Symptom Severity Assessment Tools

Preclinical / Screening

The Mood Disorder Questionnaire (MDQ) is the most widely validated and recommended self-report screening tool for bipolar spectrum disorders, including BD-II. It is recommended prior to initiating antidepressants for what appears to be unipolar depression (Keramatian et al., 2023; Shah et al., 2017). The Hypomania Checklist-32 (HCL-32) has demonstrated superior sensitivity for BD-II compared to the MDQ because of its focus on hypomanic rather than manic features; it is an appropriate complementary screen in suspected BD-II cases (Berk et al., 2025). The Patient Health Questionnaire-9 (PHQ-9) is suitable for monitoring depressive symptom severity but must not be used as a standalone BD-II screen because it does not capture hypomanic features.

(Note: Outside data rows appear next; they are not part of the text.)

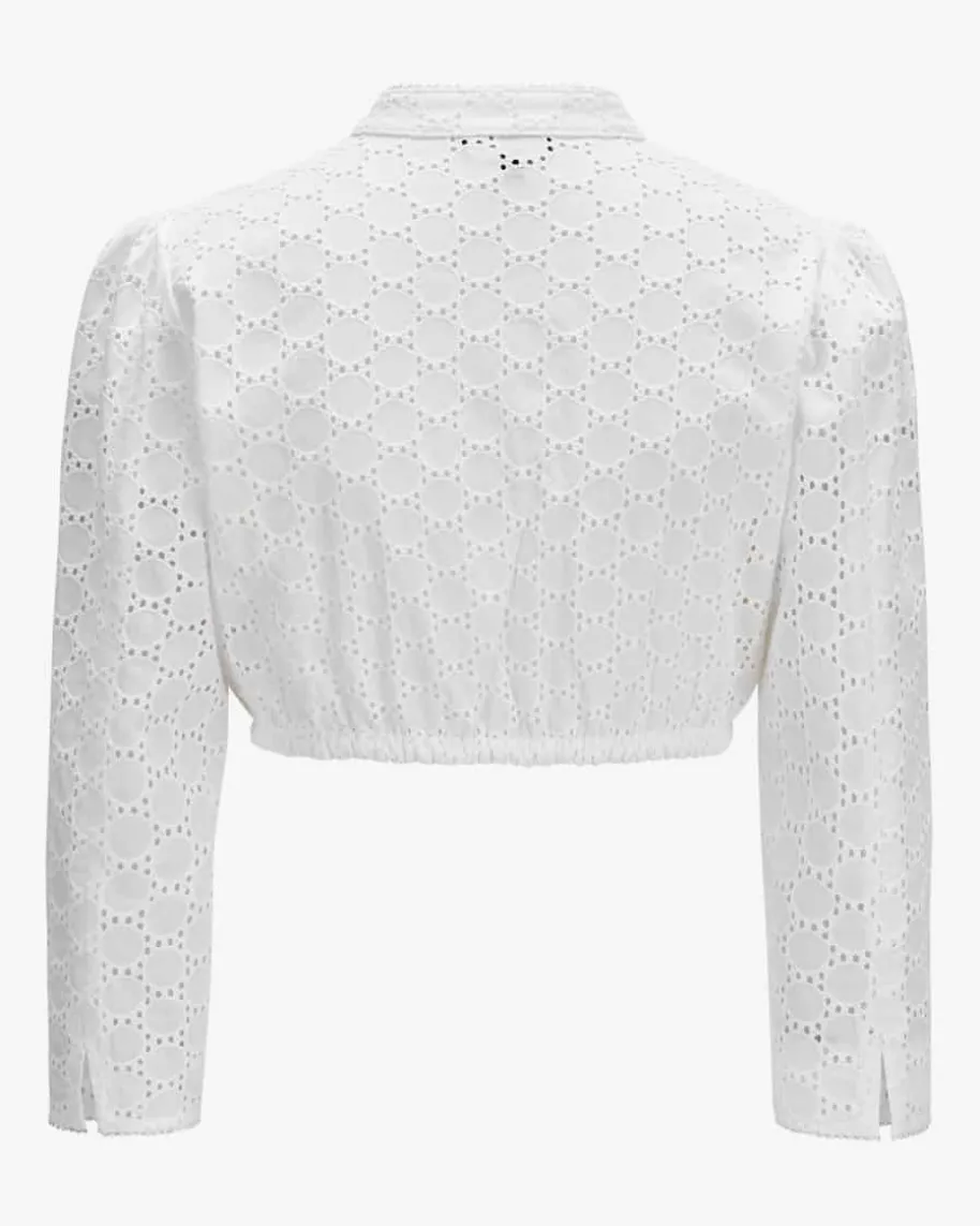 Mimi Dirndlbluse für Damen von Kinga Mathe in Weiß. Die Münchner Marke steht fürglamouröse Trachtenmode und elegante Dirndl mit Couture-Flair. Das Langarm-Modell aus angenehmer Baumwolle zeichnet sich durch die modernen Stickereien unddie Schlaufenborten aus und avanciert dank klassischer Details zum perfektenDirndl-Begleiter.
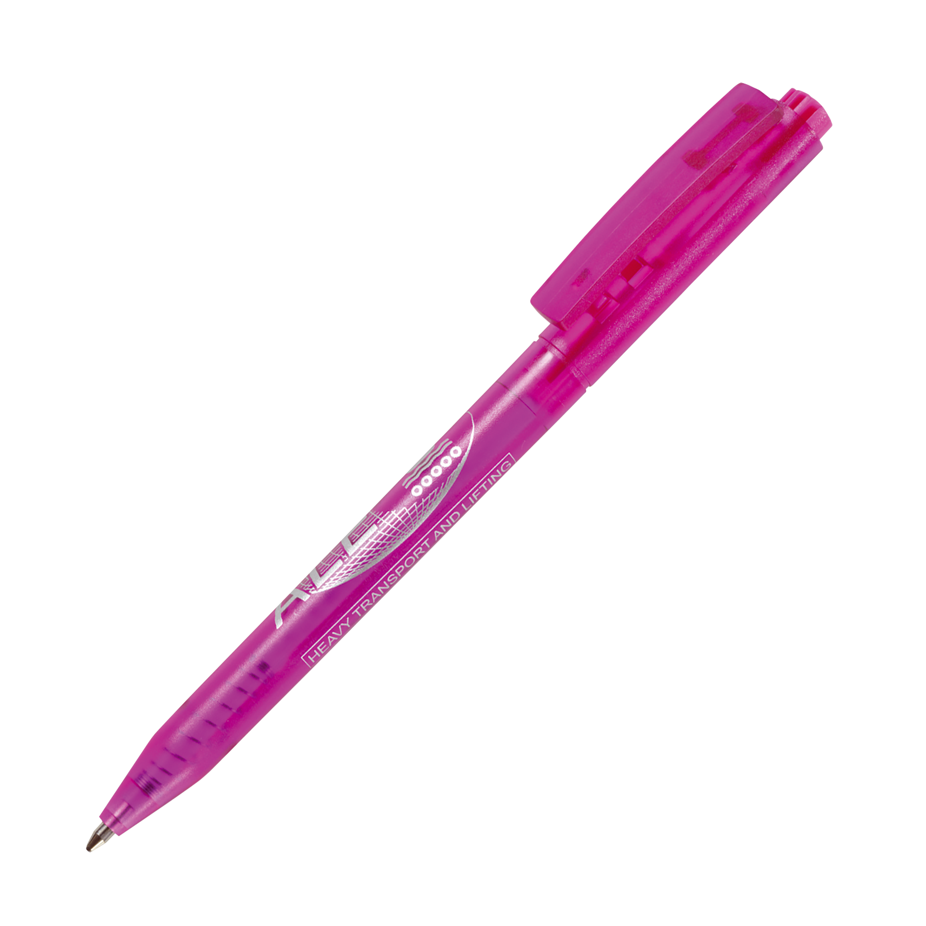 HALLIGEN transparente Kunststoff Kugelschreiber Peekay, gefrosteter Plastik-Kugelschreiber mit Schaft und Clip aus 1 Teil, mit einzigartigem Clip-Druck-Mechanismus und mit blauschreibender Mine X-20
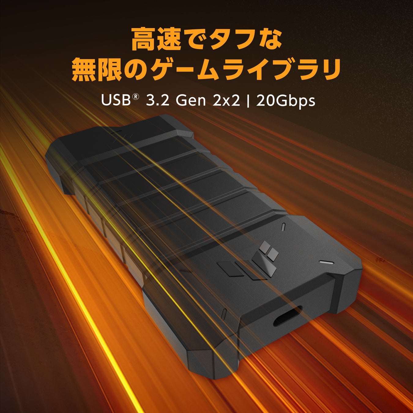 最大20GbpsのUSB-C® 3.2 Gen 2x2接続に対応。高速SSDのパフォーマンスをUSB接続でも発揮できます。

A key clinical caveat: patients with BD-II frequently present during a depressive phase and do not spontaneously report prior hypomanic episodes. Collateral history from a reliable informant is therefore critical at every assessment (Shah et al., 2017).

Clinical — Mental Status Examination (MSE)

A thorough MSE is essential at each clinical encounter, with specific attention to the subtleties of hypomania — symptoms that patients often miss or normalize. Key domains to assess include the following.

Appearance and Behaviour: Slightly increased energy, reduced inhibition, mildly decreased need for sleep during hypomania; psychomotor slowing, reduced grooming, or tearfulness during depression.
Speech: Mildly pressured or more spontaneous than usual during hypomania; slowed, low-volume, with reduced spontaneity during depression.
Mood and Affect: Elevated, bright, or mildly irritable during hypomania; dysphoric, anhedonic, or anxious during depression. Clinicians must distinguish reactive mood brightening from sustained hypomanic elevation.
Thought Form: Slightly accelerated thought process during hypomania; slowed or ruminative during depression.
Thought Content: Mildly inflated self-esteem, increased confidence, and future-oriented planning during hypomania; worthlessness, hopelessness, and passive death wishes or suicidal ideation during depression.
Perceptions: Psychotic features are absent in hypomania by definition (APA, 2022). Their presence mandates reclassification to BD-I or another diagnosis.
Cognition: Distractibility during hypomania; concentration difficulties and memory complaints during depression. Formal neurocognitive testing (MoCA, BACS) is indicated if euthymic cognitive impairment is suspected.
Insight and Judgment: Insight is typically preserved or only mildly reduced during hypomania — a key distinguishing feature from BD-I mania.

Clinician-Rated Scales

The Hypomania Interview Guide (HIGH-C) is recommended for assessing hypomanic severity. The Montgomery-Asberg Depression Rating Scale (MADRS) or the Hamilton Rating Scale for Depression (HDRS-17) are preferred for depressive severity, given their sensitivity to BD-associated symptom change. The Young Mania Rating Scale (YMRS) is less sensitive to hypomania due to its mania-weighted item anchors.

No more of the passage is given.